§ EXERCISE INSTRUCTIONS: With the pictures left out, reproduce exactly the lines running from the line with "Ketua Umum LSM" to the last line of the material below.

══ SUPPLIED INFORMATION

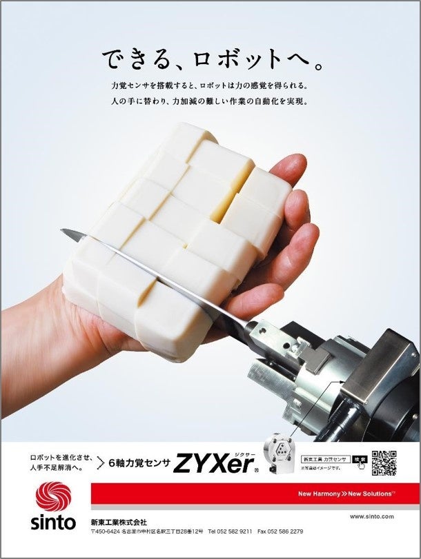 グランプリを受賞した広告は、当社製品「6軸力覚センサ(ZYXer ジクサー)」を搭載したロボットが手の平にのせた豆腐を包丁で切るといった、微妙な力加減を実現する力覚センサの特長をわかりやすいビジュアルで表現しました。
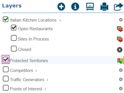 On the layers panel, turn on any polygon layer in your mapset so it’s visible on the map.
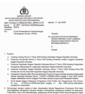Ketua Umum LSM RIB, Hitler Situmorang, mengungkapkan bahwa pihaknya telah menerima Surat Pemberitahuan Perkembangan Hasil Pemeriksaan Dumas (SP3D) dengan nomor B/1487-b/IV/WAS.2.4/2026/Divpropam. Dalam surat tersebut, Kadiv Propam Mabes Polri secara resmi melimpahkan penanganan perkara ke Bidpropam Polda Metro Jaya.
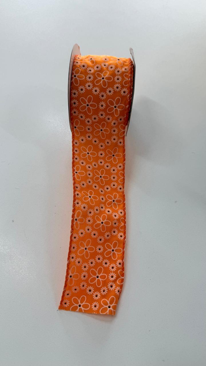 Fita aramada laranja florida branco e preto 6,3cmx9,14m

════

§ WRITTEN SOLUTION:
Ketua Umum LSM RIB, Hitler Situmorang, mengungkapkan bahwa pihaknya telah menerima Surat Pemberitahuan Perkembangan Hasil Pemeriksaan Dumas (SP3D) dengan nomor B/1487-b/IV/WAS.2.4/2026/Divpropam. Dalam surat tersebut, Kadiv Propam Mabes Polri secara resmi melimpahkan penanganan perkara ke Bidpropam Polda Metro Jaya.
 Fita aramada laranja florida branco e preto 6,3cmx9,14m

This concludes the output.